Heavy fog affects nearly all kinds of transportation: from pedestrian-driven vehicles to airplanes. And sometimes, it can even be downright dangerous.
So detecting fog is important, but existing systems are costly and not very accurate. They use expensive satellite systems, which aren't even on the ground where detection is most important.
However, scientists at Tel Aviv University in Israel, recently discovered that the wireless microwave transmissions of cellular towers can detect heavy fog, and newer high frequency towers can even detect instances of light fog.
The best thing about this method of fog detection is that it doesn't require any new technology. Cellular towers span the world and with a steady push from consumers for even more data usage, cellular providers are beginning to install new high frequency towers in more places.

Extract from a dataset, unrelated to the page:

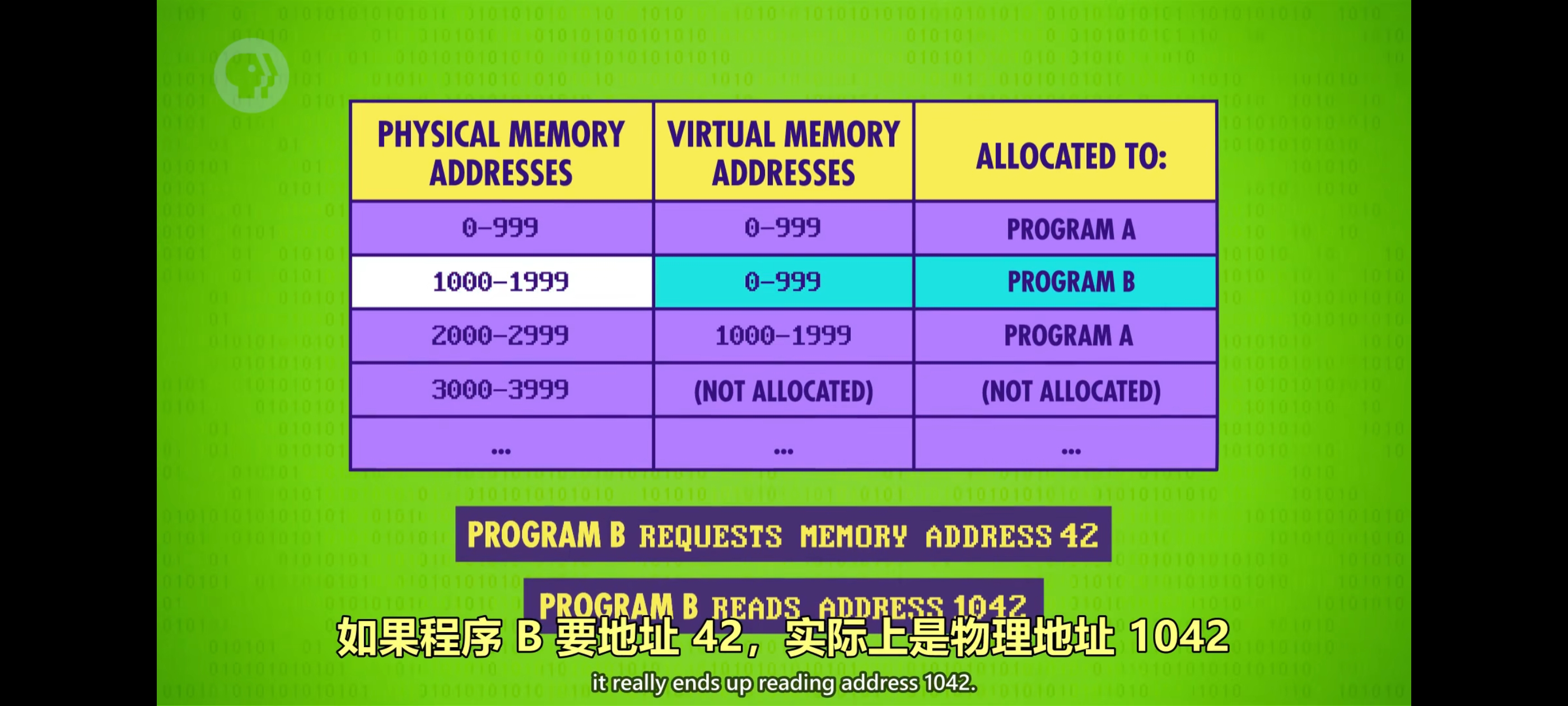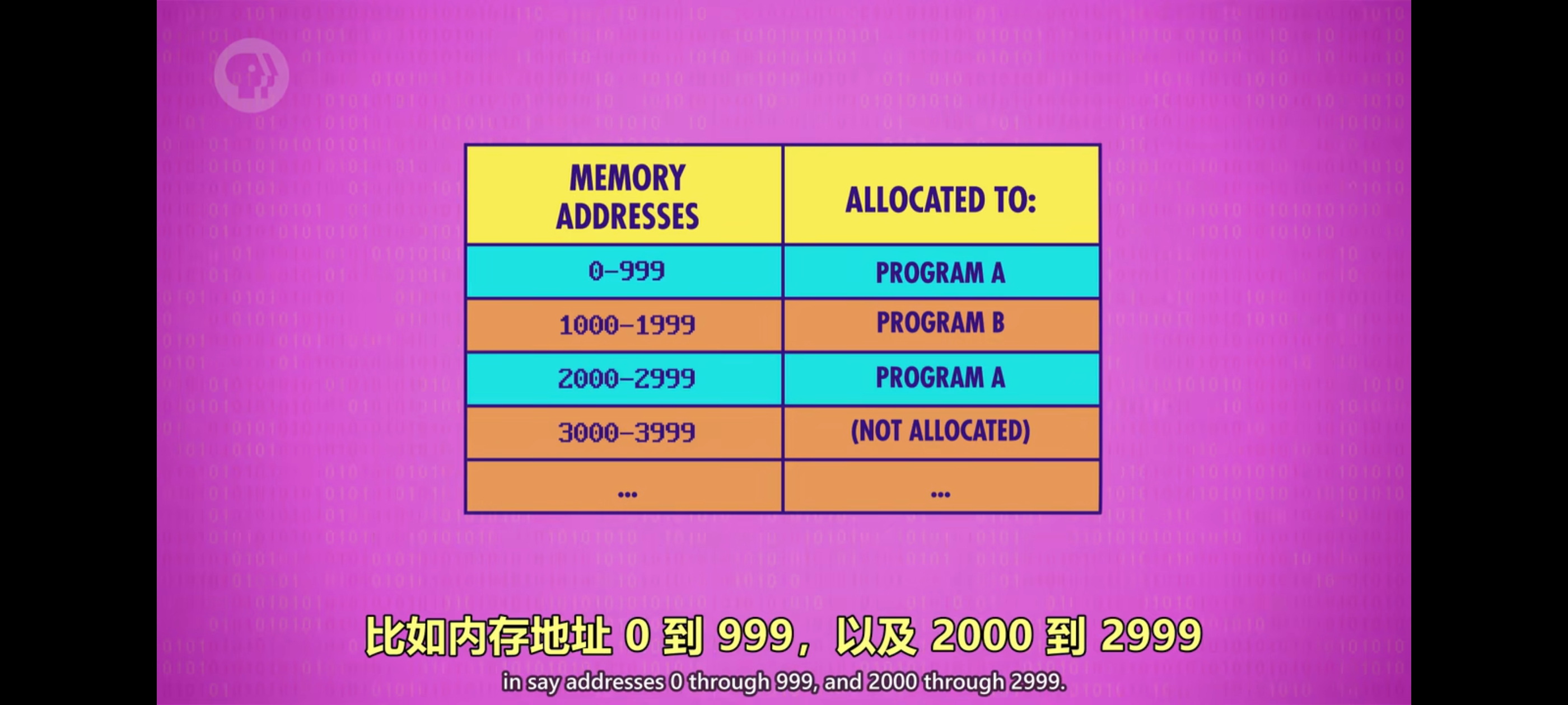 同时运行多个程序会有一个问题,每个程序都会占一些内存,当切换到另一个程序时,我们不能丢失数据。解决方案是给每个程序安排一个专属内存块,举个例子,假设计算机一共有 10000 个内存位置,程序 A 分配到内存地址 0 到 999,而程序 B 分配到内存地址 1000 到 1999,

"The goal of the work presented here is to reveal the potential that exists in commercial microwave systems, where higher frequencies more sensitive to fog are starting to be used," says Professor Pinhas Alpert. "We are presenting a window of opportunity to monitor fog with high resolution using technology already in place."
Cellular towers transmit wireless microwave transmissions at ground level: this means that atmospheric changes affect the transmissions. One such change is fog. Most current towers operate at frequencies of up to 40 gigahertz, which means they can easily detect heavy fog. However, lighter fog is harder to detect. But thanks to new technology and a higher demand for bandwidth among consumers, cellular providers are putting up new towers with higher frequencies, of up to 80 GHz, in more areas, and those frequencies have a higher sensitivity to light fog.
Researchers tested their theory by using cellular towers in Israel and calculating the level of water content in the atmosphere that they could detect through the city's cellular towers' microwave transmissions. Researchers worked with three different frequencies: 20, 38 and 80 GHz. As expected, the 80 GHz frequency detected the lightest of fogs (with visibility at about ½ mile). However, at 38 GHZ, the researchers only detected heavier fog density.
The researchers' experiment, though, matched up to their fog detection theory.
"While most studies of this kind are focused on rainfall, fog is no less hazardous to people and objects in motion," says Dr. Noam David of the university's Department of Geosciences. "Current monitoring tools are insufficient. Our new approach exposes the potential that already exists in these communication systems to provide high-resolution spatial measurements of fog."